→ REQUIRED ACTION:
Exactly as written, return every line of the data below apart from the pictures.
● ● ● ●
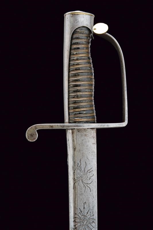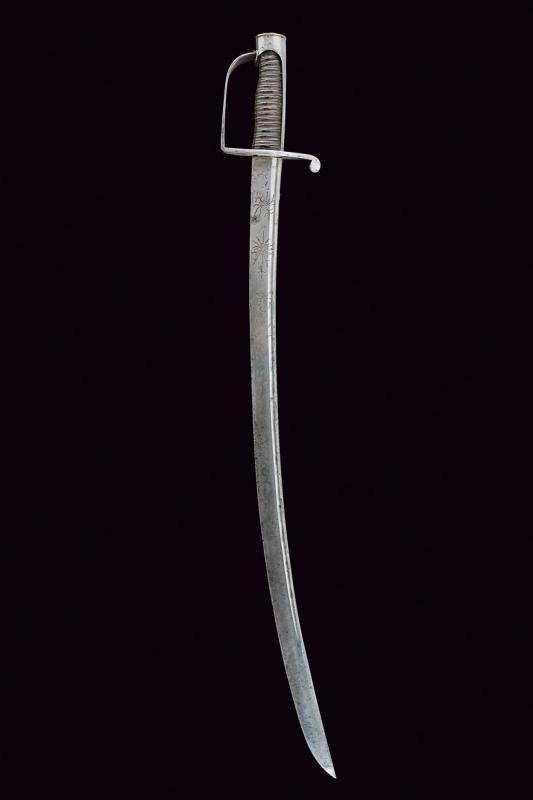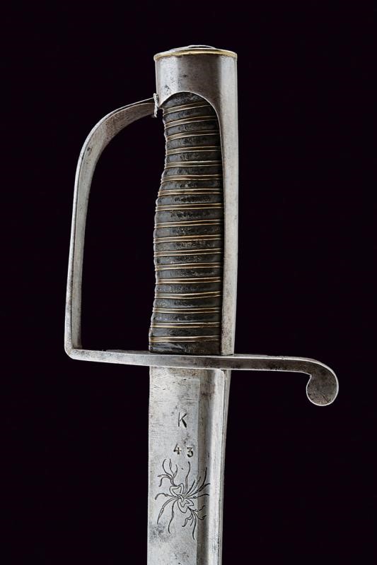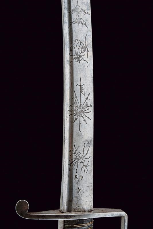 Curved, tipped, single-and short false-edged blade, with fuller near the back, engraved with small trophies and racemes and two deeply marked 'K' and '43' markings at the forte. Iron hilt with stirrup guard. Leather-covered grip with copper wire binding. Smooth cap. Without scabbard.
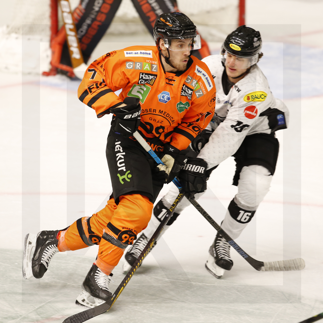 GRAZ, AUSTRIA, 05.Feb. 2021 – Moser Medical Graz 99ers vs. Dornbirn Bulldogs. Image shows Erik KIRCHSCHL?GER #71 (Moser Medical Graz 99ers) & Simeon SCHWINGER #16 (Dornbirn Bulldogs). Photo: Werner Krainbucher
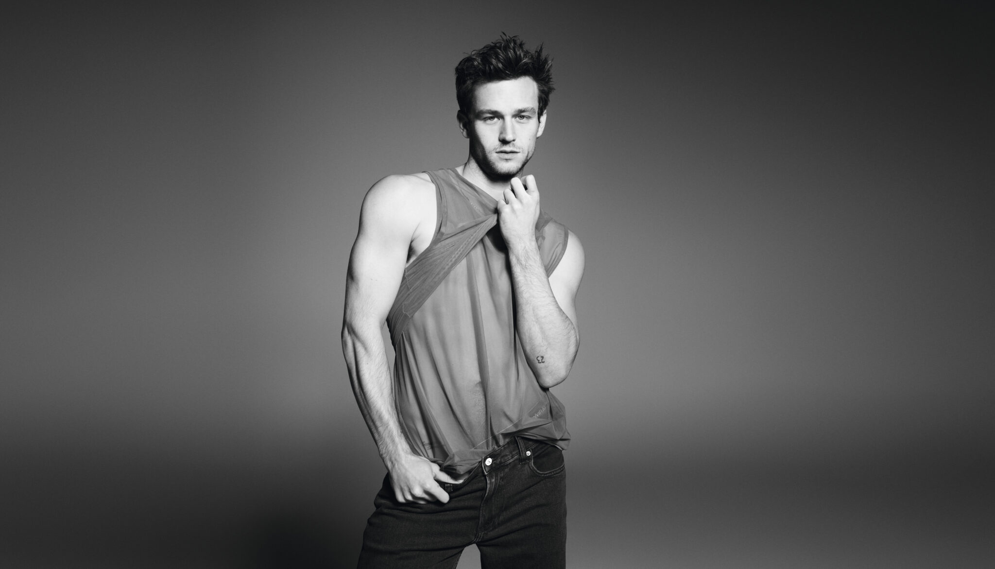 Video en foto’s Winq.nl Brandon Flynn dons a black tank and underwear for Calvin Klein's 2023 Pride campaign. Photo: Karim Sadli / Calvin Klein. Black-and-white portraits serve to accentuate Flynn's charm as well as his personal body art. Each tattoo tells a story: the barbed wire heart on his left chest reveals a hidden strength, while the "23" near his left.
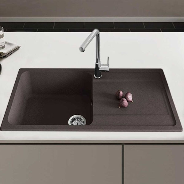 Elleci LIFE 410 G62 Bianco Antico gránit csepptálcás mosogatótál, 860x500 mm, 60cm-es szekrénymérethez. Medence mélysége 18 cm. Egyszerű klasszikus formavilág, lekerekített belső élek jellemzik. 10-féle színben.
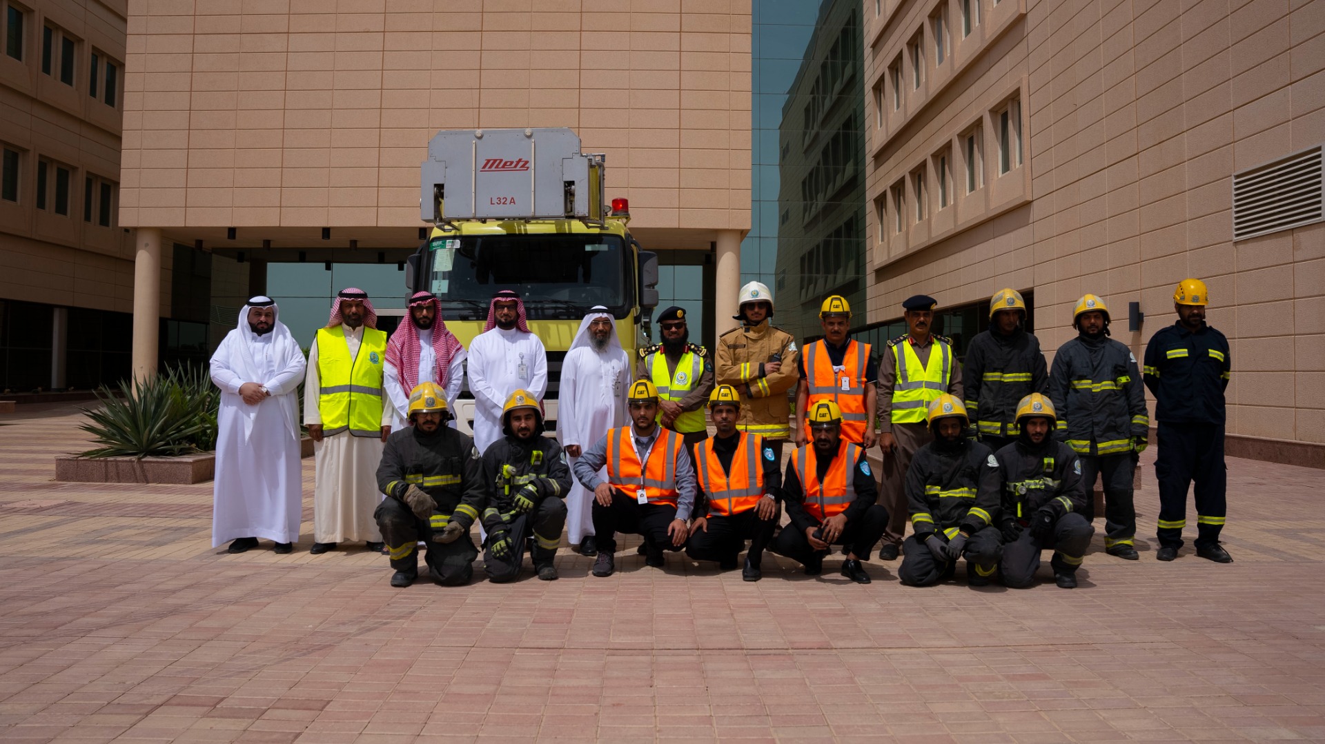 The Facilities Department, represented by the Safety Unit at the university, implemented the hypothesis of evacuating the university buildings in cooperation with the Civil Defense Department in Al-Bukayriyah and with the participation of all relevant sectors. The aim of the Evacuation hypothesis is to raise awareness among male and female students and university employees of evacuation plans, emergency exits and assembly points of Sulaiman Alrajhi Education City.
● ● ● ●
→ SOLUTION:
 Curved, tipped, single-and short false-edged blade, with fuller near the back, engraved with small trophies and racemes and two deeply marked 'K' and '43' markings at the forte. Iron hilt with stirrup guard. Leather-covered grip with copper wire binding. Smooth cap. Without scabbard.
 GRAZ, AUSTRIA, 05.Feb. 2021 – Moser Medical Graz 99ers vs. Dornbirn Bulldogs. Image shows Erik KIRCHSCHL?GER #71 (Moser Medical Graz 99ers) & Simeon SCHWINGER #16 (Dornbirn Bulldogs). Photo: Werner Krainbucher
 Video en foto’s Winq.nl Brandon Flynn dons a black tank and underwear for Calvin Klein's 2023 Pride campaign. Photo: Karim Sadli / Calvin Klein. Black-and-white portraits serve to accentuate Flynn's charm as well as his personal body art. Each tattoo tells a story: the barbed wire heart on his left chest reveals a hidden strength, while the "23" near his left.
 Elleci LIFE 410 G62 Bianco Antico gránit csepptálcás mosogatótál, 860x500 mm, 60cm-es szekrénymérethez. Medence mélysége 18 cm. Egyszerű klasszikus formavilág, lekerekített belső élek jellemzik. 10-féle színben.
 The Facilities Department, represented by the Safety Unit at the university, implemented the hypothesis of evacuating the university buildings in cooperation with the Civil Defense Department in Al-Bukayriyah and with the participation of all relevant sectors. The aim of the Evacuation hypothesis is to raise awareness among male and female students and university employees of evacuation plans, emergency exits and assembly points of Sulaiman Alrajhi Education City.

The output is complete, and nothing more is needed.